Il tempo prima impiegato potando, scavando buche, bruciando frasche, zappando, falciando l’erba, adesso mi viene rubato dalle cure necessarie a mantenere me stessa in vita. Quasi fossi diventata io il giardino. A lavorare chiamo i giardinieri. Mi aggiro col bastone e indico il da farsi, con la sensazione di essere diventata simile alla vecchia principessa Greta Sturdza, come si vede in una delle foto del libro sulla sua tenuta normanna del Vasterival.
Non sono più la stessa persona. Alla diversa andatura, alla lentezza nel camminare, la circospezione con cui procedo di passo in passo, la cautela con cui considero se valga davvero la pena di muoversi o no, corrisponde una percezione nuova del mondo. Credo che adesso non proverei più lo stesso stupore misto a diffidenza di fronte alle opere di un’artista scandinava che, anni fa, venne a trovarmi nel mio podere.
Mentre passeggiavamo, non faceva che chinarsi per raccattare frutti rinsecchiti, foglie appassite, baccelli anneriti dalle intemperie. Bah! avevo pensato tra me, al giorno d’oggi qualsiasi gesto passa per arte.
L’avevo lasciata fare, per nulla convinta in cuor mio della qualità o anche solo del senso del suo lavoro.
E del tutto indifferente alle sue «ruberie»; dopotutto, quello che raccattava era spazzatura: frutti marci, fiori sfatti, qualsiasi cosa non avesse più corso, uso di mondo.
C’è voluto tempo per cominciare a capire.
Non immaginavo tuttavia che, ben presto, mi sarei percepita anch’io come quelle povere cose raccattate, al punto d’incontro tra due energie: conservazione e distruzione.
Organismi in decadenza, in bilico tra essere e non essere. Chissà che un momento prima di venir meno non si manifestino, con intensità forse acuita, se non vera e propria bellezza, un pathos, un’espressività insospettati.
Quasi che, rendendo l’anima a Dio, le cose sprigionassero, per un attimo e quell’attimo soltanto, una qualità che passa inosservata quando il corpo, godendo perfetta salute, è troppo turgido, troppo opaco, troppo spesso. Troppo materiale.
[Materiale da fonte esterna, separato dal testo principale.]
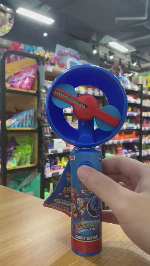 Brand new technology lets you have an animated LED show right in your hand! Press the button and watch the Paw Patrol characters run and play in the LED video. In the handle you will find 8g fruit flavoured pressed dextrose candy.

Adesso che mi sento come uno di quegli scarti, provo una serenità diversa, una serenità per la prima volta vera e profonda.
Sprigiona adesso che il corpo ha perso un poco del suo spessore.
La leggerezza interiore nasce forse dal sentirmi libera dalla zavorra terribile del futuro, indifferente al cruccio del passato. Immersa nell’attimo presente, come prima mai era accaduto, faccio finalmente parte del giardino, di quel mondo fluttuante di trasformazioni continue.